United States Senator John Cornyn (R-Texas) may be one of the least popular Republicans among the conservative base. He has betrayed them on many issues, most notably by supporting Joe Biden’s gun grab.
Cornyn’s approval ratings currently stand at a dismal 36 percent among Texas Republicans. His popularity will not be helped by his praise of Representative Liz Cheney (R-Wyo.), recently telling the New York Times, “I respect her.”
One area of betrayal conservatives have overlooked so far, however, is Cornyn’s cozy relationship with Big Tech. In 2019, as conservatives were beginning to fight back against Silicon Valley censorship, he opined, “The discussion of breaking up a Google or breaking up a Facebook is not what we should be doing.” The Texas senator pressured Trump to appoint former staffer Noah Phillips to the FTC, where he denied the commission had any authority to address Big Tech censorship. In July 2020, when even moderate Republicans were waking up to Big Tech’s bias, he promoted puff pieces on Google.
A Bird? A Plane? No, It’s a Google Balloon Beaming the Internet https://t.co/qjV4qfgMWQ
— Senator John Cornyn (@JohnCornyn) July 8, 2020
Today, the GOP base is so overwhelmingly against Big Tech censorship that he is wisely, more or less, silent on the issue. But he has found a less discussed—weakening intellectual property enforcement—to be one of the biggest ways to help enrich Big Tech. In particular, he is joining with Senator Patrick Leahy (D-Conn.) to introduce the Patent Trial and Appeal Board Reform Act.
Big Tech platforms lobbied for the creation of the Patent Trial and Appeal Board. Why? Because both Apple’s iPhone and Google’s Android, which collectively make up over 99 percent of the smartphone market, rely on several other companies’ intellectual property, which they license. The companies frequently engage in “efficient infringement”—where the chance they will have to pay for infringing on IP is less of a financial risk to them than the cost of licensing.

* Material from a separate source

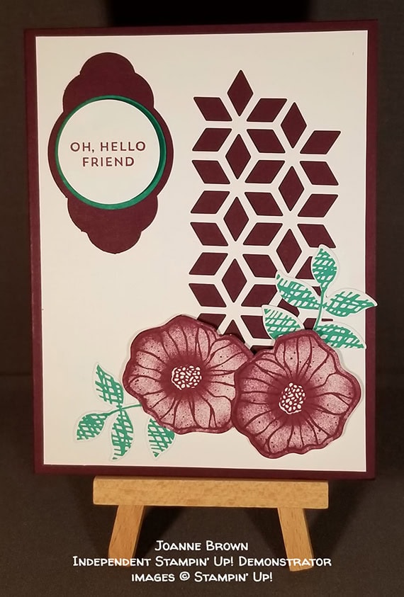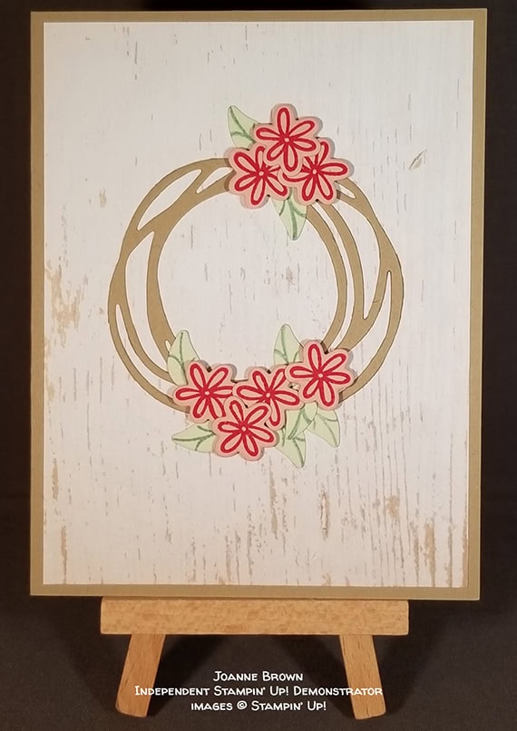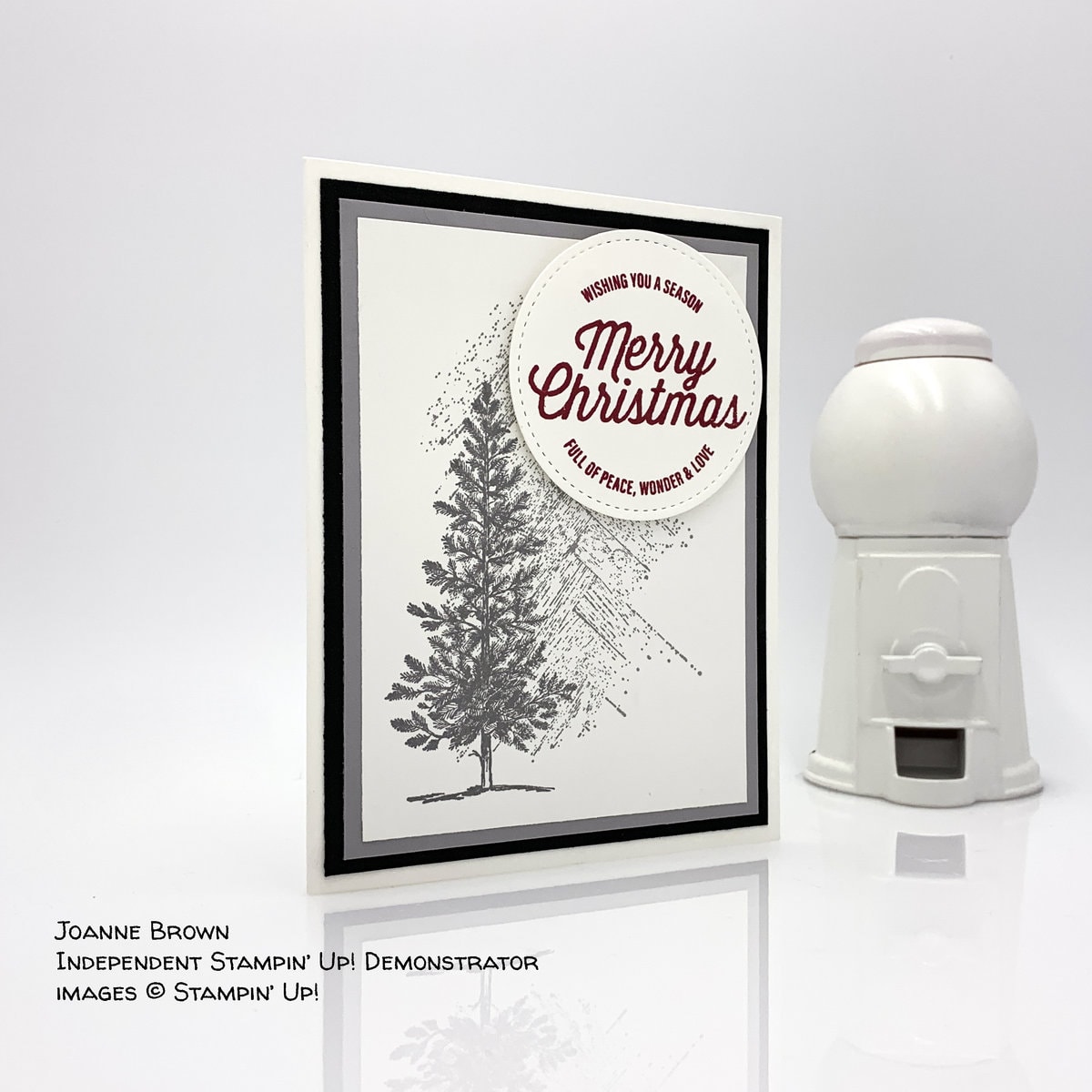 Joanne Brown is one of my amazing Candy Hearts team members. She made today’s card using three stamp sets (Gallery Grunge, Lovely as a Tree, and Farmhouse Christmas) and1 the Stitched Shapes Framelits Dies. I love how she combined all these different products in a way that makes you think they’re all from the same set!

Google’s top IP lawyers have admitted, “Google’s leadership doesn’t care terribly much about precedent or law” when it comes to intellectual property.
This does not mean they oppose intellectual property. As Trump Administration tech advisor and Michigan State law professor Adam Candeub notes
Big tech platforms both have huge IP portfolios, but also frequently infringe on others’ work. Their ideal situation is making the system costly and byzantine, so their lawyers can easily navigate it, but smaller companies have difficulty enforcing their patents against the Big Guys. The Patent Trial and Appeal Board serves that purpose.
The Patent Trial and Appeals Board enables “predatory infringement,” Adam Mosoff of the Hudson Institute explains, because “Big Tech has made it impossible for its victims—individual inventors, startups, and small companies—to obtain their rightful remedies.”
The Patent and Trademark Office under President Trump made reforms to ensure companies could not litigate the Patent Board while also pursuing litigation. The Cornyn-Leahy bill seeks to undo these reforms by legislation in order to make it far more difficult for smaller companies to enforce patents against the tech giants.
Ironically, Google has argued in the past that strong IP enforcement “gives rise to barriers to entry and implicates issues of competition.” Apple has filed amicus briefs arguing that strong patents violate antitrust laws.
Candeub retorted, “Google and Apple have rigged the IP system to entrench their monopoly power, and PTAB epitomizes this problem.”
Cornyn seems to care more about what Big Tech thinks than his own voters. He’s just another swamp creature who refuses to listen to the base.